What is required:
The required output is the exact run of lines in the listing below from the line holding "オータムVネックカラーダブルブレストスリーブドレス 秋物 ステッチ" through the line holding "The Serita is", with no pictures.

Source records:

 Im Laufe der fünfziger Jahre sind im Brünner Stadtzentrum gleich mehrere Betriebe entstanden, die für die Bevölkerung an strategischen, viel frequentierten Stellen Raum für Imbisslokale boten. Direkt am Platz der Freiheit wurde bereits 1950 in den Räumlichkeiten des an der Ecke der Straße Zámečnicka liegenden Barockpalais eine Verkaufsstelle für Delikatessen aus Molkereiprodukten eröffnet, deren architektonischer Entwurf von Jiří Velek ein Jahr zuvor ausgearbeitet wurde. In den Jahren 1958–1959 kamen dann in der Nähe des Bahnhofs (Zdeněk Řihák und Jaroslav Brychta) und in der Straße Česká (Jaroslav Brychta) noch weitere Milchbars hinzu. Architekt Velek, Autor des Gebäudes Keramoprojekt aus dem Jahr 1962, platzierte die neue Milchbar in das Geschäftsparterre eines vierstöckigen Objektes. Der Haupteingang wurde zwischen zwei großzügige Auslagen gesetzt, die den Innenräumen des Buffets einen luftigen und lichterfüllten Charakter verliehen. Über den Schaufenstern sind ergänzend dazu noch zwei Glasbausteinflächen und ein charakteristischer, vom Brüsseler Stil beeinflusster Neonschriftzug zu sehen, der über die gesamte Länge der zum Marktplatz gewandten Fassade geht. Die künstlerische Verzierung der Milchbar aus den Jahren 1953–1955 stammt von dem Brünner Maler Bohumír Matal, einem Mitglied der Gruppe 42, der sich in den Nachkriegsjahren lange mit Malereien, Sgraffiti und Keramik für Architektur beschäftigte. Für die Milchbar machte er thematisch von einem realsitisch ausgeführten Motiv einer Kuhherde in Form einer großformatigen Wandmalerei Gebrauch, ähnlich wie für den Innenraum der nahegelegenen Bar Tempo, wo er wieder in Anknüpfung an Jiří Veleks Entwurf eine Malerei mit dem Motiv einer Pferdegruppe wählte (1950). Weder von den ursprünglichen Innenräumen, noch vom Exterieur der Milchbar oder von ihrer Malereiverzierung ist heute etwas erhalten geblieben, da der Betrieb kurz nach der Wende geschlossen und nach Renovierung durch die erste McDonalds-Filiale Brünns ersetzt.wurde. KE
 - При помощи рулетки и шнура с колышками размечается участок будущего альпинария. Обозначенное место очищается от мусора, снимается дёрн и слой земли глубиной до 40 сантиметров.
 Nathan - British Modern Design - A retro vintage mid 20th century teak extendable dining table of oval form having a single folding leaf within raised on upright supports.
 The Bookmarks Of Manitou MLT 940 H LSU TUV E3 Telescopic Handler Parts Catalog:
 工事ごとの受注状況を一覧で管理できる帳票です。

---

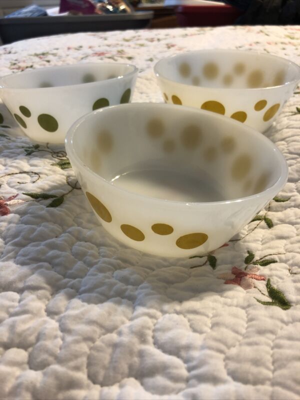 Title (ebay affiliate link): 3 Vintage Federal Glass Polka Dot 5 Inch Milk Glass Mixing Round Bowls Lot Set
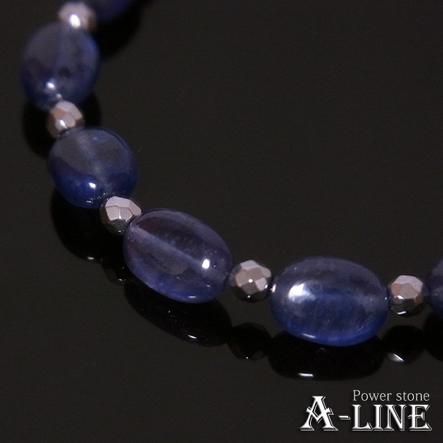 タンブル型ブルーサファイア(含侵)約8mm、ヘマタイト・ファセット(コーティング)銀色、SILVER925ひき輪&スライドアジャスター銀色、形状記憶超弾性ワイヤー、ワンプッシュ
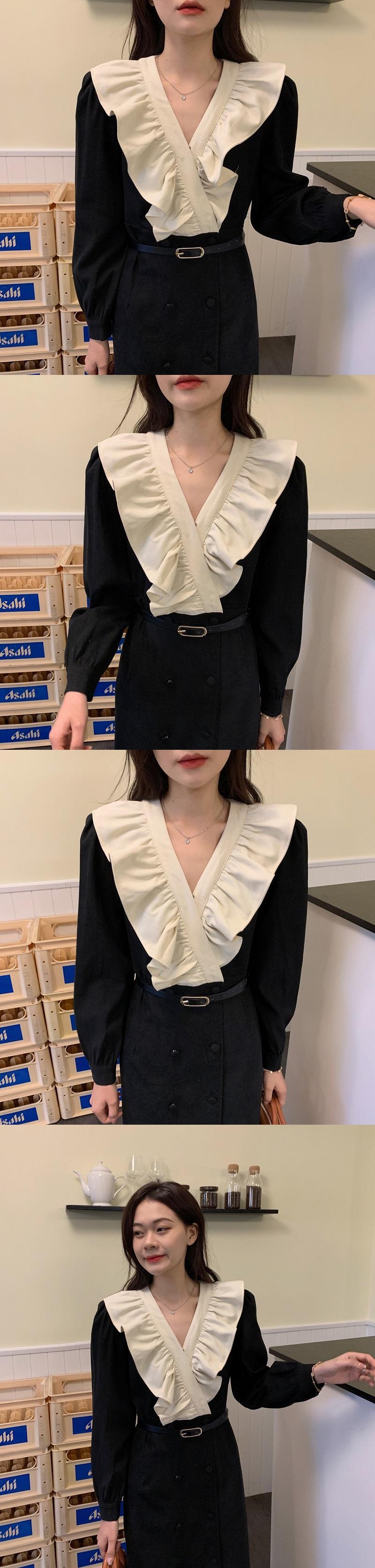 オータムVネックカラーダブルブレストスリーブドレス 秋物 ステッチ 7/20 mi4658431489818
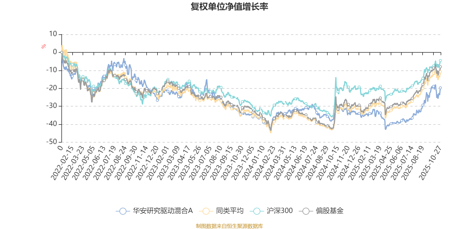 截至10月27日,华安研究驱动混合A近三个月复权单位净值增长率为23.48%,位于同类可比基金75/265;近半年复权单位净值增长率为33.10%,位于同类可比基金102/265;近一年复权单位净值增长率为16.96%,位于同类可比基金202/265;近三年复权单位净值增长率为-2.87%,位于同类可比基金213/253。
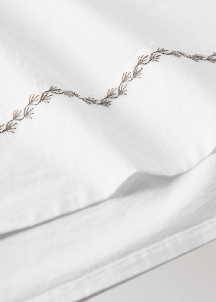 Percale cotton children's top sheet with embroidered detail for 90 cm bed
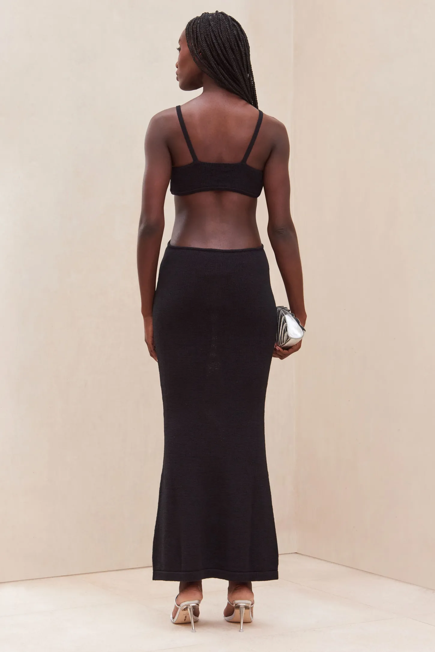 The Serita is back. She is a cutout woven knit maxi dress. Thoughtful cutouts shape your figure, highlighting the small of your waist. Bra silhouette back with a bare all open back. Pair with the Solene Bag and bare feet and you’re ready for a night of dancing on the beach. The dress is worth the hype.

Response:
 オータムVネックカラーダブルブレストスリーブドレス 秋物 ステッチ 7/20 mi4658431489818
 截至10月27日,华安研究驱动混合A近三个月复权单位净值增长率为23.48%,位于同类可比基金75/265;近半年复权单位净值增长率为33.10%,位于同类可比基金102/265;近一年复权单位净值增长率为16.96%,位于同类可比基金202/265;近三年复权单位净值增长率为-2.87%,位于同类可比基金213/253。
 Percale cotton children's top sheet with embroidered detail for 90 cm bed
 The Serita is back. She is a cutout woven knit maxi dress. Thoughtful cutouts shape your figure, highlighting the small of your waist. Bra silhouette back with a bare all open back. Pair with the Solene Bag and bare feet and you’re ready for a night of dancing on the beach. The dress is worth the hype.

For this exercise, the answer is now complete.